[Provided information — start]
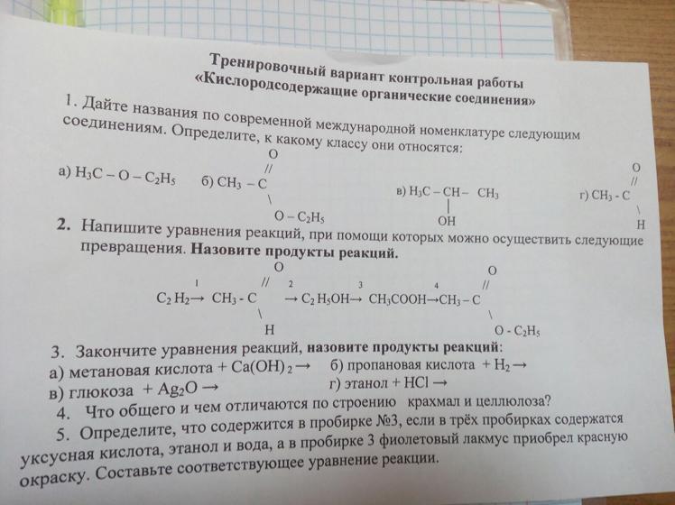 4) CH3COOH +CH3CH2OH = CH3COOHC2H5 +H2O ( этилацетат)
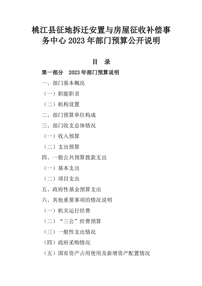 桃江县征地拆迁安置与房屋征收补偿事务中心2023年部门预算公开
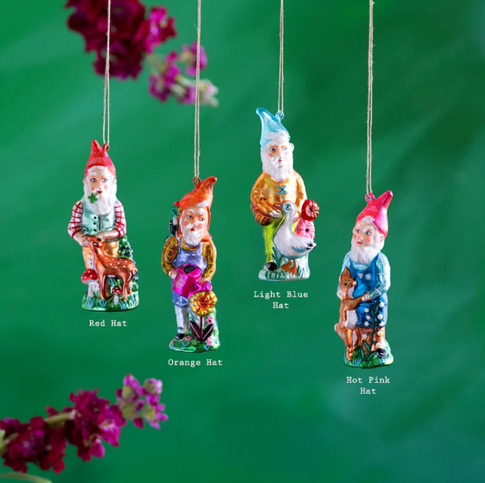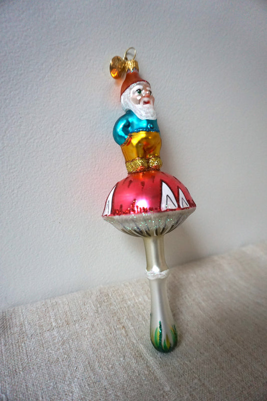 Polish Glass Christmas Ornament - Blue & Yellow Gnome on Mushroom
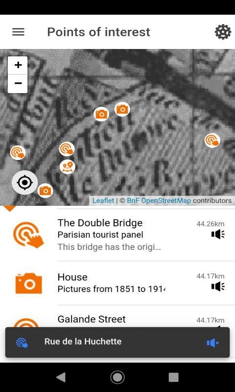 The app shows local history information. End-user can listen to historical information, discover photo from the past for some point of interest. A map helps at discovering a city and see it at different period of time.
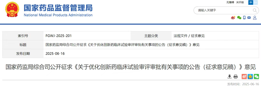 刚刚,国家药监局发布公告,公开征求《关于优化创新药临床试验审评审批有关事项的公告(征求意见稿)》意见。
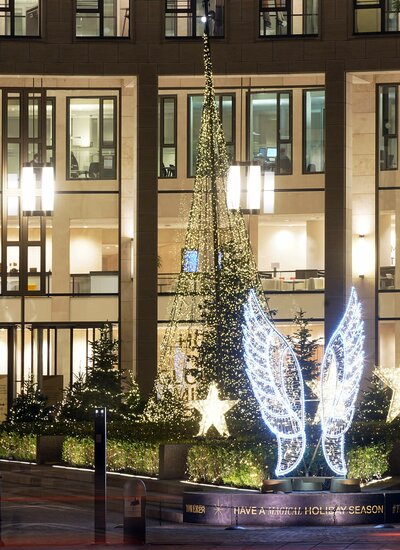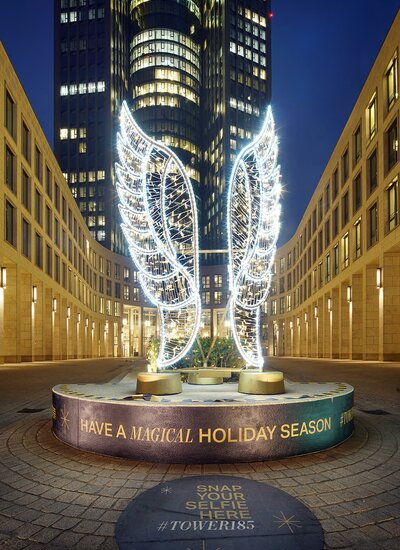 We have thus once again decked out the forecourt of TOWER185 in seasonal style. This time, an illuminated backdrop of angel wings invites you to take special selfies for your personal season’s greetings. The path to the portal is illuminated by winter decorations: stars, a sea of lights, and a shining tree, with the finale being an enchanting fir grove on the round dais. Meanwhile, two festively decorated Christmas trees flank the portal. Naturally, there is a focus on sustainability once again – including the trees in pots and LED lights.
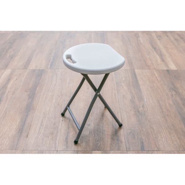 Taburete plegable de resina en color blanco. Con asa de transporte, muy práctico, puedes usarlo también en el exterior de la casa. Soporta hasta 100 kg
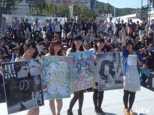 めでたくオーディションに合格した4人は次の日の「アニメミライ2014」の作品メインビジュアル発表会が初仕事となりました。それぞれが担当する作品のパネルを持って、作品紹介や監督からのコメントを読み上げたりしてもうリポーターの自覚いっぱい。今回の作品に初めて接する数百人のアニメファンを唸らせていましたよ。ちなみに僕もメインビジュアルを見たのはこの時が初めてでした。冒頭の写真2枚目は初仕事ステージ上のリポーターたち。右端は司会進行の高井舞香さんです。
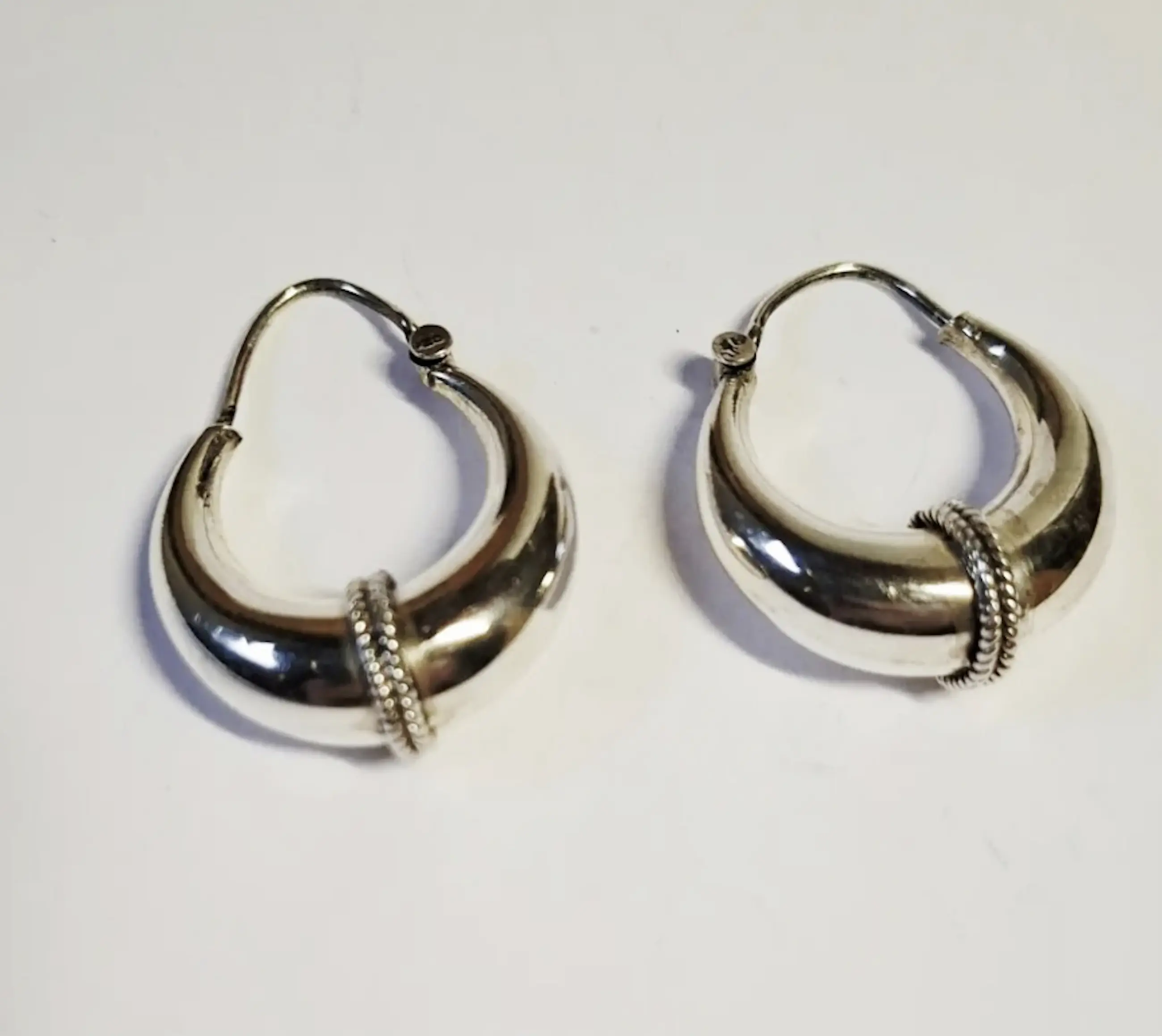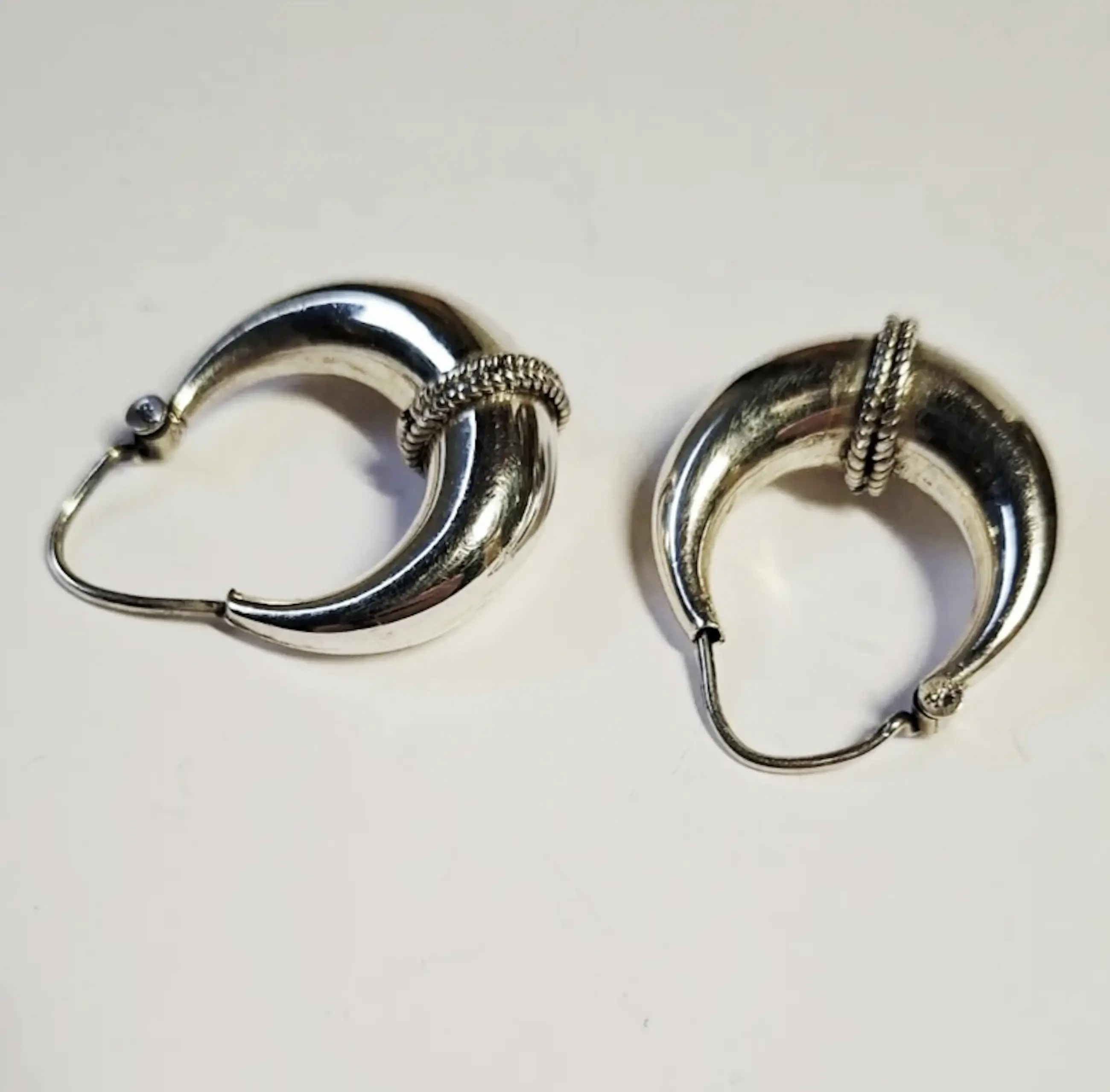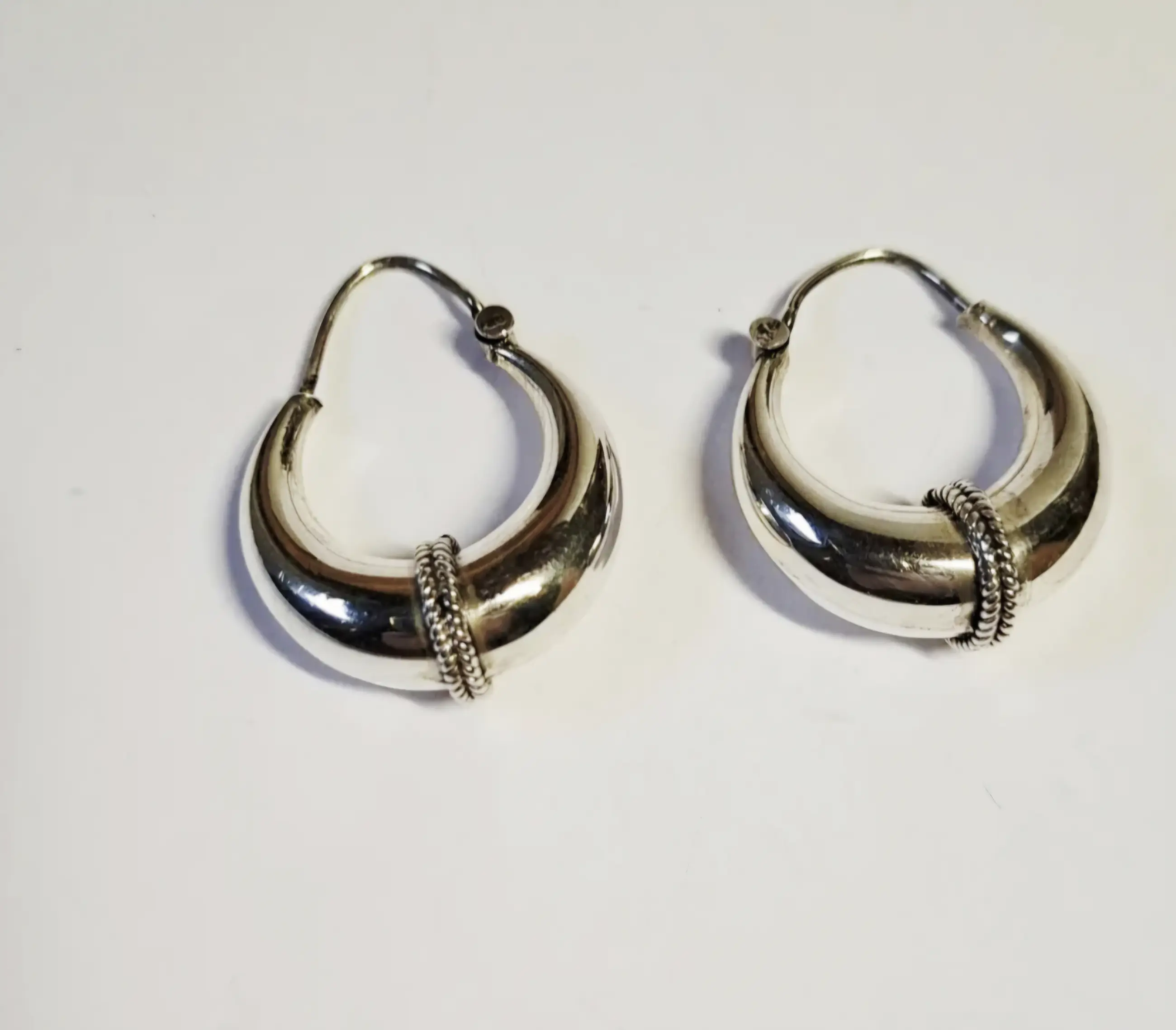 925 sterling zilveren handgemaakte vintage etnische stijl hoepels oorbellen kundal, etnische prachtige bali tribal buikdans sieraden uit india 1980
[Provided information — finish]
Goal of the exercise: All of the entries must be reproduced exactly, with no pictures kept.

Exercise solution:
 4) CH3COOH +CH3CH2OH = CH3COOHC2H5 +H2O ( этилацетат)
 桃江县征地拆迁安置与房屋征收补偿事务中心2023年部门预算公开
 Polish Glass Christmas Ornament - Blue & Yellow Gnome on Mushroom
 The app shows local history information. End-user can listen to historical information, discover photo from the past for some point of interest. A map helps at discovering a city and see it at different period of time.
 刚刚,国家药监局发布公告,公开征求《关于优化创新药临床试验审评审批有关事项的公告(征求意见稿)》意见。
 We have thus once again decked out the forecourt of TOWER185 in seasonal style. This time, an illuminated backdrop of angel wings invites you to take special selfies for your personal season’s greetings. The path to the portal is illuminated by winter decorations: stars, a sea of lights, and a shining tree, with the finale being an enchanting fir grove on the round dais. Meanwhile, two festively decorated Christmas trees flank the portal. Naturally, there is a focus on sustainability once again – including the trees in pots and LED lights.
 Taburete plegable de resina en color blanco. Con asa de transporte, muy práctico, puedes usarlo también en el exterior de la casa. Soporta hasta 100 kg
 めでたくオーディションに合格した4人は次の日の「アニメミライ2014」の作品メインビジュアル発表会が初仕事となりました。それぞれが担当する作品のパネルを持って、作品紹介や監督からのコメントを読み上げたりしてもうリポーターの自覚いっぱい。今回の作品に初めて接する数百人のアニメファンを唸らせていましたよ。ちなみに僕もメインビジュアルを見たのはこの時が初めてでした。冒頭の写真2枚目は初仕事ステージ上のリポーターたち。右端は司会進行の高井舞香さんです。
 925 sterling zilveren handgemaakte vintage etnische stijl hoepels oorbellen kundal, etnische prachtige bali tribal buikdans sieraden uit india 1980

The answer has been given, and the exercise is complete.